* THE PROBLEM
Print out each entry below exactly; do not carry over any image.

* SUPPLIED DATA
::::::::::
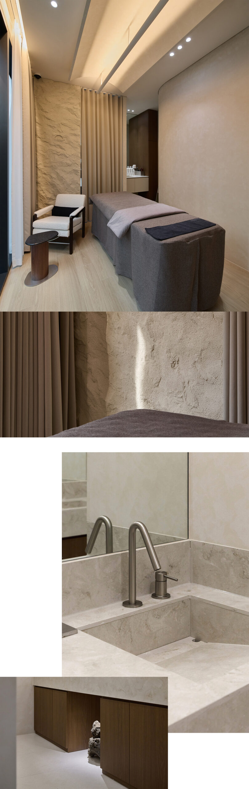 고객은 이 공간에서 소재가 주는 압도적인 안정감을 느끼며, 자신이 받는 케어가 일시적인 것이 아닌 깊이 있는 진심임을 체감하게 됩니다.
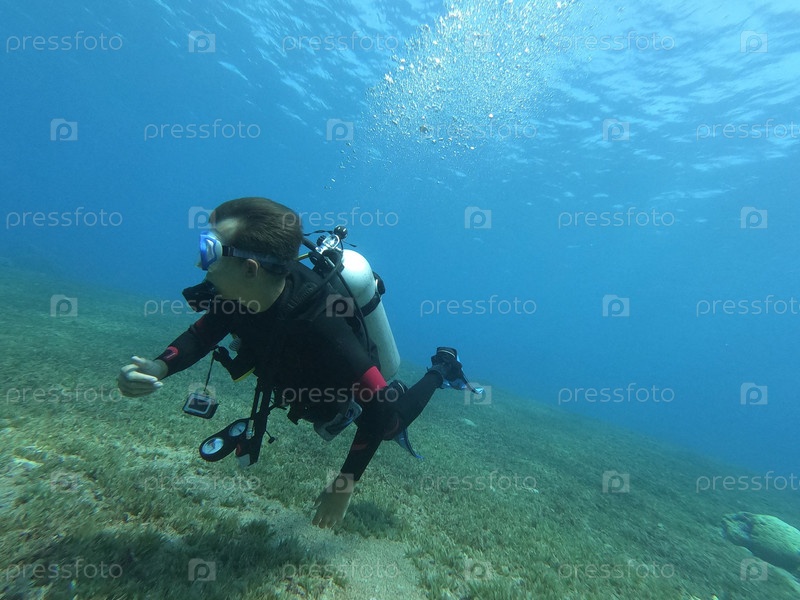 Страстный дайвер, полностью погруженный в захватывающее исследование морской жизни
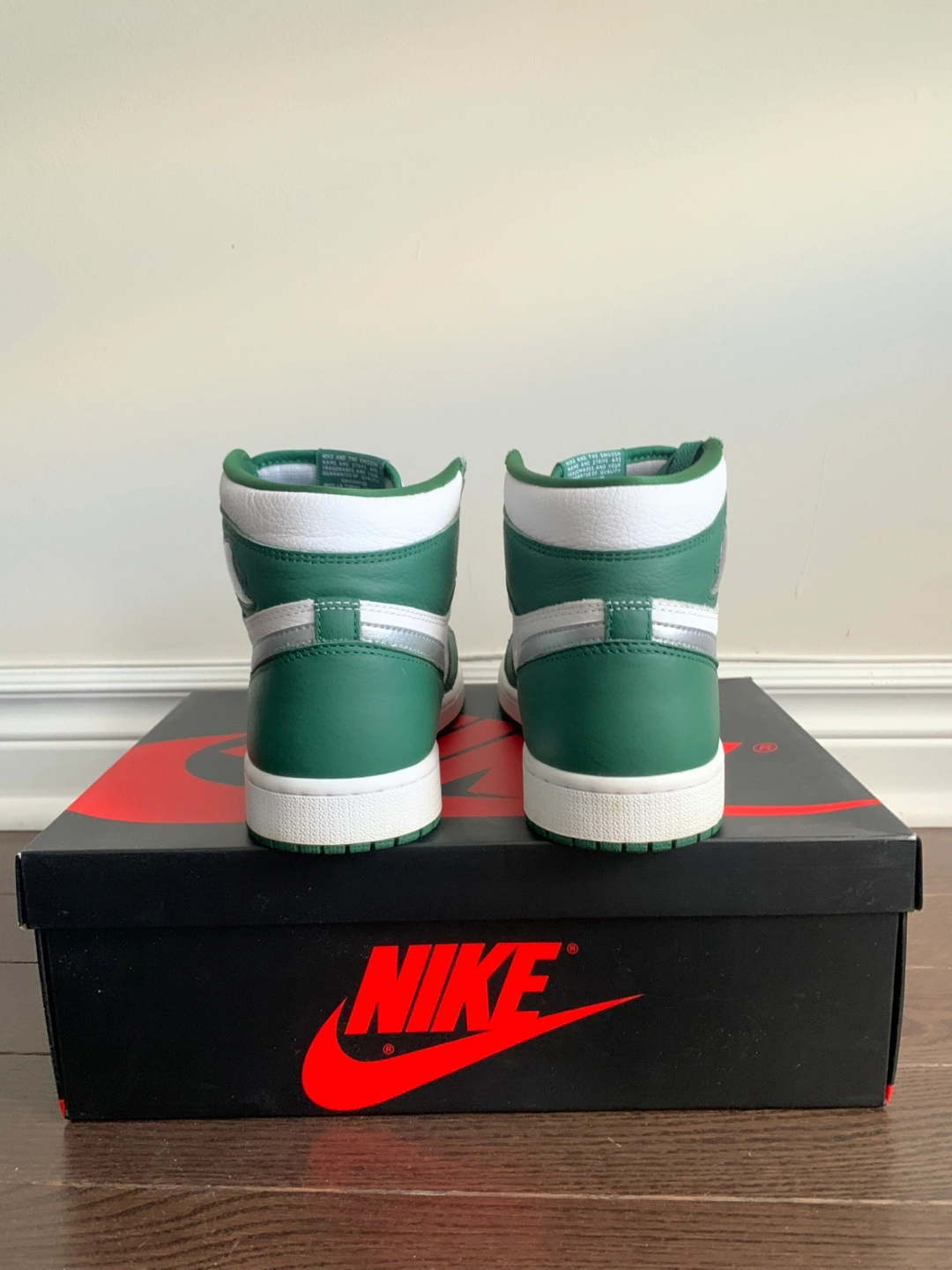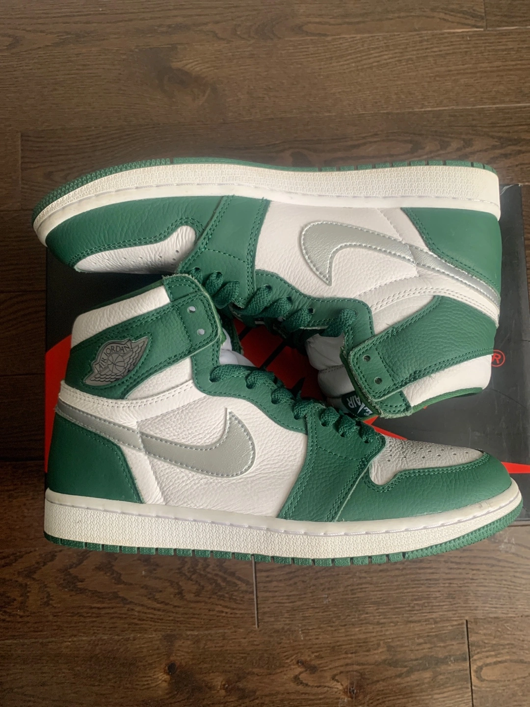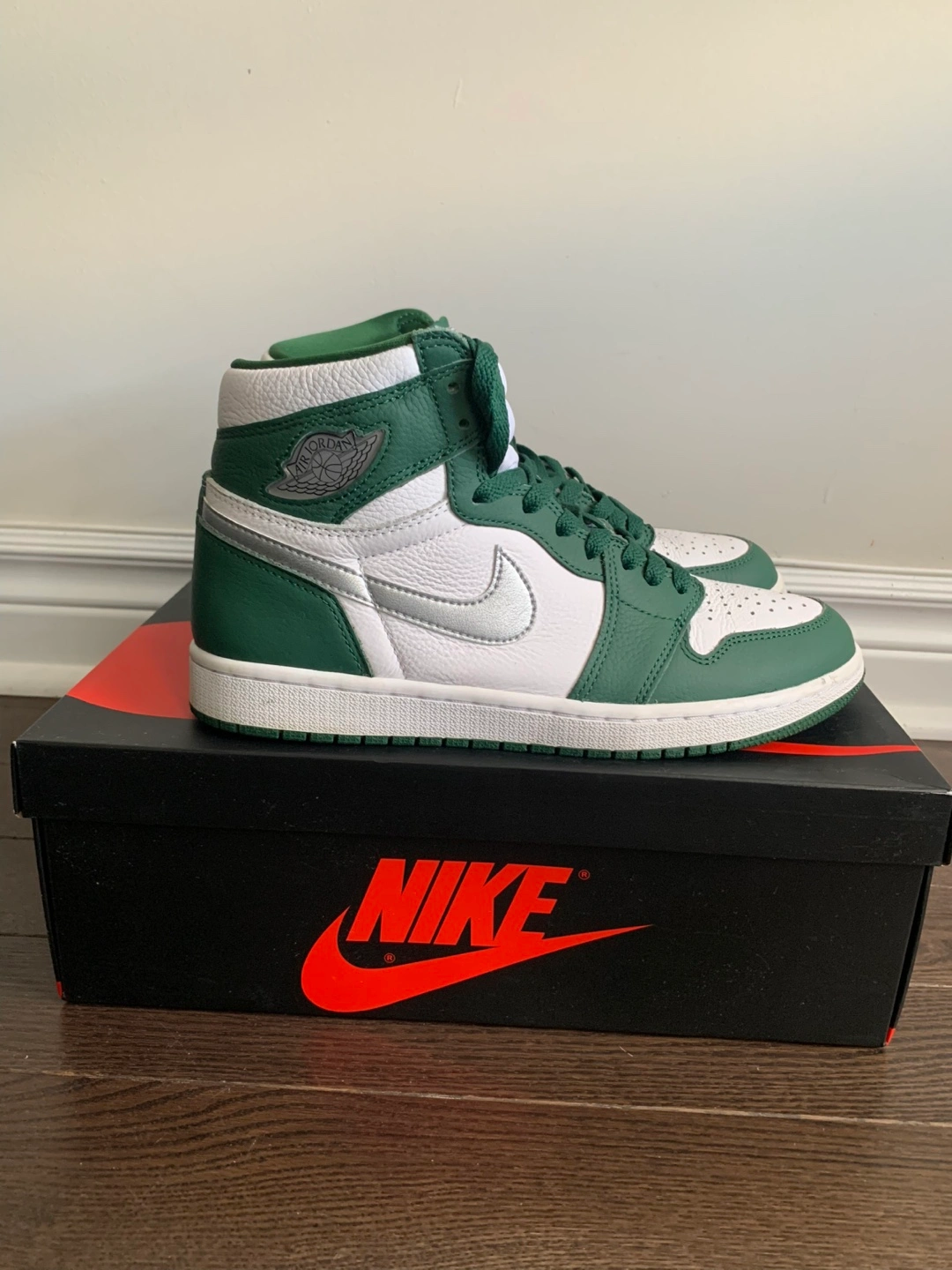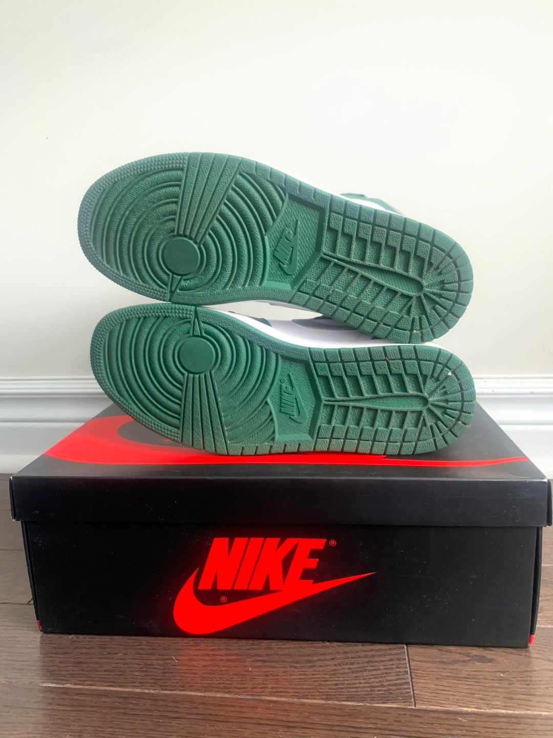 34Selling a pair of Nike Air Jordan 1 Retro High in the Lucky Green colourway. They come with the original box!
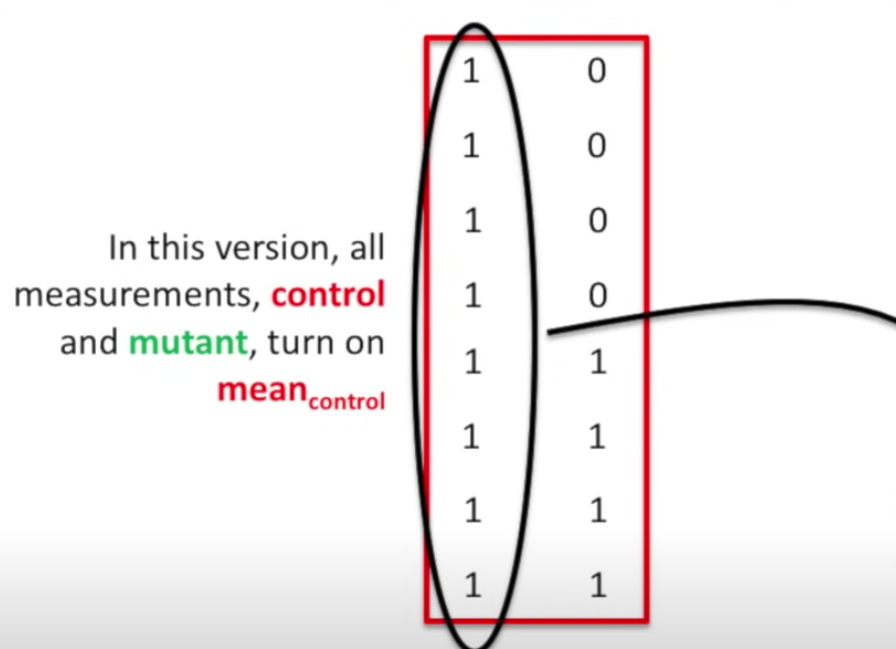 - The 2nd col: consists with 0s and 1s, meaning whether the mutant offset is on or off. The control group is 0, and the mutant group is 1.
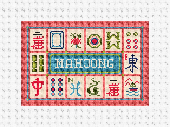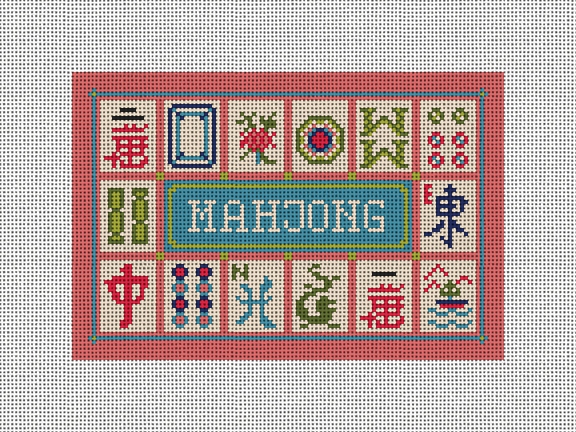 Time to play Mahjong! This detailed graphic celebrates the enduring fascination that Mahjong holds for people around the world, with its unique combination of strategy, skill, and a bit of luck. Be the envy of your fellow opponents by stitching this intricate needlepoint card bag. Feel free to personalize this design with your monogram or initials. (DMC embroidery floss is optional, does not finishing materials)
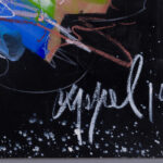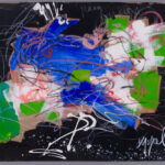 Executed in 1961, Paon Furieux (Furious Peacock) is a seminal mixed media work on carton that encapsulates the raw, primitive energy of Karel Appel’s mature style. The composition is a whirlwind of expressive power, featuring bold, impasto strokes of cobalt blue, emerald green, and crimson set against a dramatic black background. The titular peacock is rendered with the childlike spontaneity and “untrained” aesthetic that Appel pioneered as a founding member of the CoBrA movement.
::::::::::
* ANSWER SECTION
 고객은 이 공간에서 소재가 주는 압도적인 안정감을 느끼며, 자신이 받는 케어가 일시적인 것이 아닌 깊이 있는 진심임을 체감하게 됩니다.
 Страстный дайвер, полностью погруженный в захватывающее исследование морской жизни
 34Selling a pair of Nike Air Jordan 1 Retro High in the Lucky Green colourway. They come with the original box!
 - The 2nd col: consists with 0s and 1s, meaning whether the mutant offset is on or off. The control group is 0, and the mutant group is 1.
 Time to play Mahjong! This detailed graphic celebrates the enduring fascination that Mahjong holds for people around the world, with its unique combination of strategy, skill, and a bit of luck. Be the envy of your fellow opponents by stitching this intricate needlepoint card bag. Feel free to personalize this design with your monogram or initials. (DMC embroidery floss is optional, does not finishing materials)
 Executed in 1961, Paon Furieux (Furious Peacock) is a seminal mixed media work on carton that encapsulates the raw, primitive energy of Karel Appel’s mature style. The composition is a whirlwind of expressive power, featuring bold, impasto strokes of cobalt blue, emerald green, and crimson set against a dramatic black background. The titular peacock is rendered with the childlike spontaneity and “untrained” aesthetic that Appel pioneered as a founding member of the CoBrA movement.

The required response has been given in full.